Expected Goals (xG) : définition, calcul et limites
Le xG mesure la probabilité qu'un tir finisse au fond. Un modèle compare chaque frappe à des milliers de tirs semblables et lui donne une valeur entre 0 et 1. Additionnées, elles disent ce que valaient les occasions d'une équipe. Pas ce que ses joueurs en ont fait.

La définition
Le xG attribue à chaque tir une probabilité de but comprise entre 0 et 1. Un tir à 0,64 part d'une position où, historiquement, 64 tirs sur 100 finissent au fond. Les valeurs s'additionnent : le xG d'un joueur sur un match est la somme de ses tirs, celui d'une équipe la somme de ses joueurs, celui d'une saison la somme de ses matchs. L'indicateur naît du travail de statisticiens du hockey sur glace, repris au football au début des années 2010. Il s'est imposé parce qu'il répond à une question simple : cette équipe a-t-elle gagné le match, ou gagné le tirage ?
Comment il se calcule
Un modèle est entraîné sur des centaines de milliers de tirs dont on connaît l'issue. Il en tire une règle : pour tel profil de frappe, telle probabilité. Les variables les plus lourdes sont la distance au but et l'angle de tir. Viennent ensuite la partie du corps, le type d'action qui précède, la nature de la passe reçue, et selon les modèles la position du gardien et des défenseurs.
Le penalty est un cas à part : toujours la même distance, toujours le même angle, donc toujours la même valeur. La grande majorité des modèles retiennent 0,76. Hudl StatsBomb est passé à 0,78 en 2022.
Conséquence rarement écrite : deux sites donnent deux xG différents pour le même match. Les modèles ne sont pas entraînés sur les mêmes données ni sur les mêmes variables. Un écart de 0,2 sur un match n'a rien d'anormal. Comparer le xG d'un fournisseur à celui d'un autre n'a donc pas de sens. Comparer deux équipes chez le même fournisseur, si. Regarder d'où sort le chiffre avant de le citer est le premier réflexe à prendre.
Ce qu'il ne dit pas
« Il a raté une occasion à 0,64, il est nul devant le but. » Le xG ne mesure pas le finisseur. Il donne la valeur de la position au moment de la frappe, avant de savoir ce qu'elle est devenue. Ce que le joueur en fait est précisément ce que le modèle ignore. C'est d'ailleurs l'usage principal du xG : mettre le résultat en face de la position pour voir qui surperforme.
« L'équipe a un xG de 1,8, le gardien adverse a été bon. » Le xG ne dit rien du gardien non plus. Il s'arrête au pied du tireur.

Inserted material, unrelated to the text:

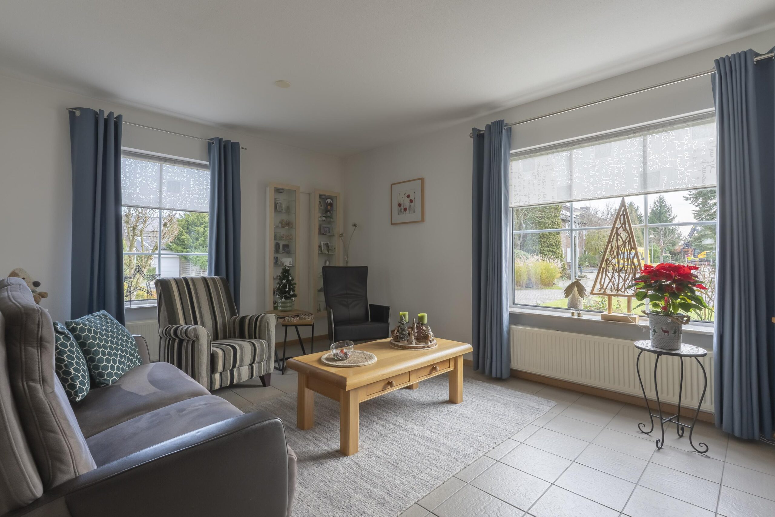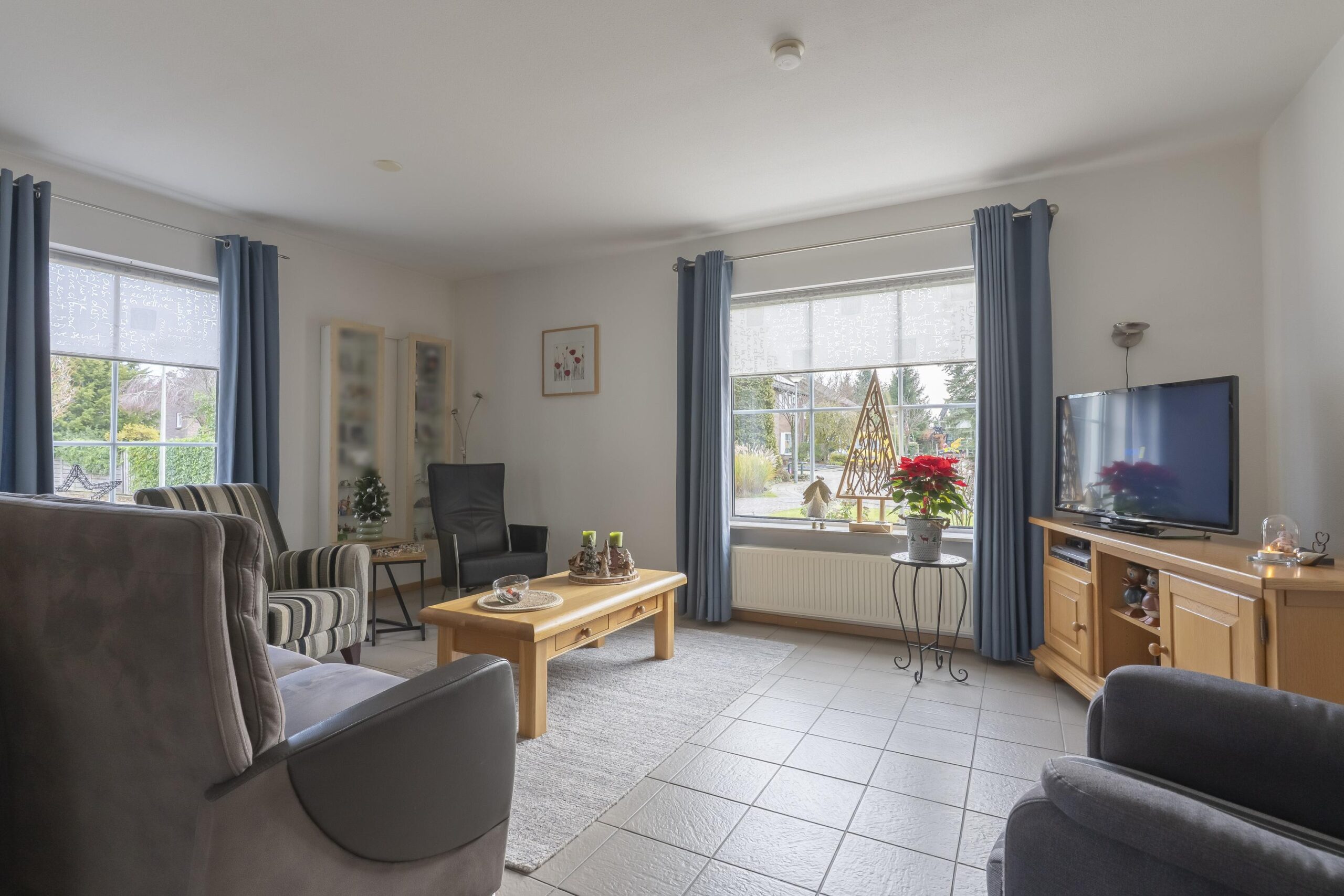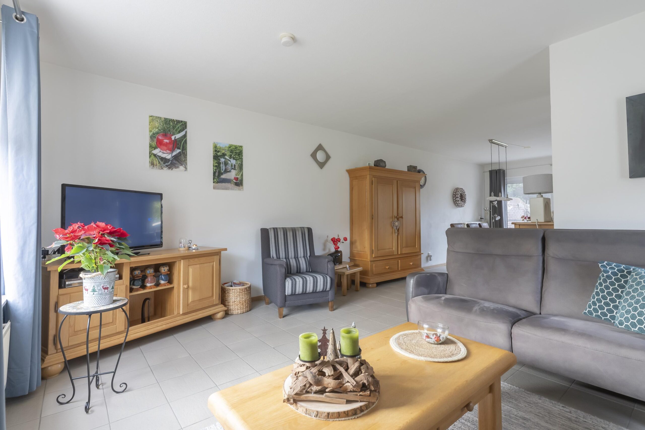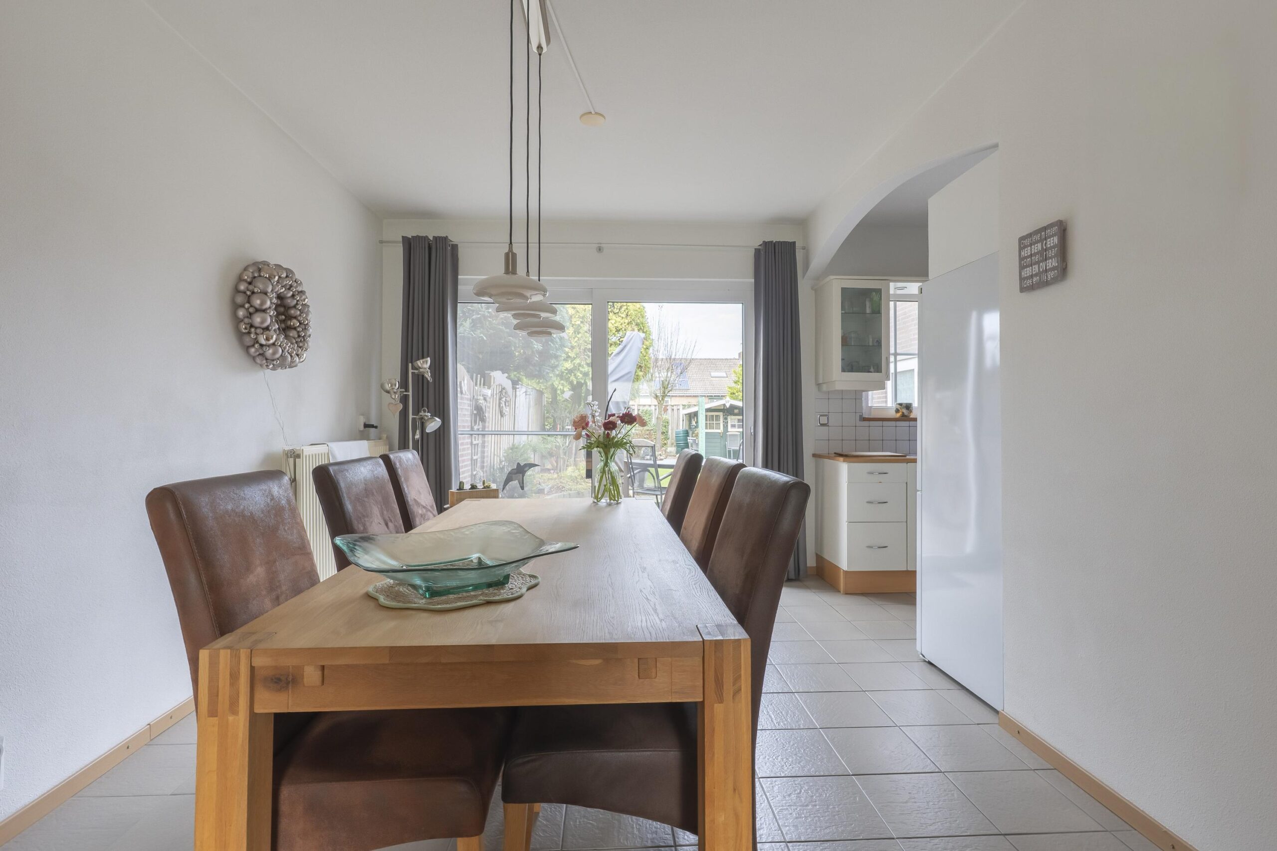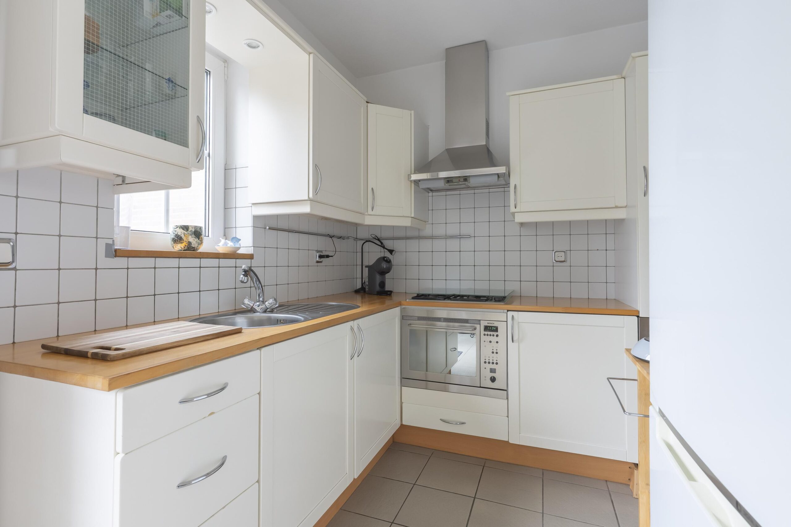 De L-vormige living biedt uitstekend lichtinval en is uitgerust met een royale schuifpui. Aansluitend bevindt zich de open, betegelde keuken, uitgevoerd met een moderne witte installatie en voorzien van inbouwapparatuur: een gaskookplaat, RVS-afzuigkap en vaatwasser.

L'indicateur qui prend le relais après la frappe est le PSxG, qui tient compte de l'endroit où le ballon passe le cadre.
« Ils dominent, leur xG doit être énorme. » Le xG ne compte que ce qui a été tenté. Une équipe qui passe le match dans la surface sans jamais frapper reste à zéro. La domination territoriale n'entre nulle part dans le modèle. Celle-là se mesure ailleurs, avec le territoire, qui dit où le jeu se passe et pas ce qu'on en a tiré.
Quand s'en servir
Sur un match, le xG est bruyant. Un tir à 0,64 qui rentre ou qui sort change la lecture du match, pas la qualité de ce qu'a produit l'équipe. C'est à partir d'une dizaine de rencontres que l'écart entre buts marqués et xG devient un signal, et pas un accident.
Il tient mieux sur une équipe que sur un joueur : un attaquant frappe cinq fois par match, une équipe quinze. À croiser avec le xGA, qui fait le même travail sur ce qu'on concède, et avec le PSxG pour séparer ce qui relève du tireur de ce qui relève du gardien.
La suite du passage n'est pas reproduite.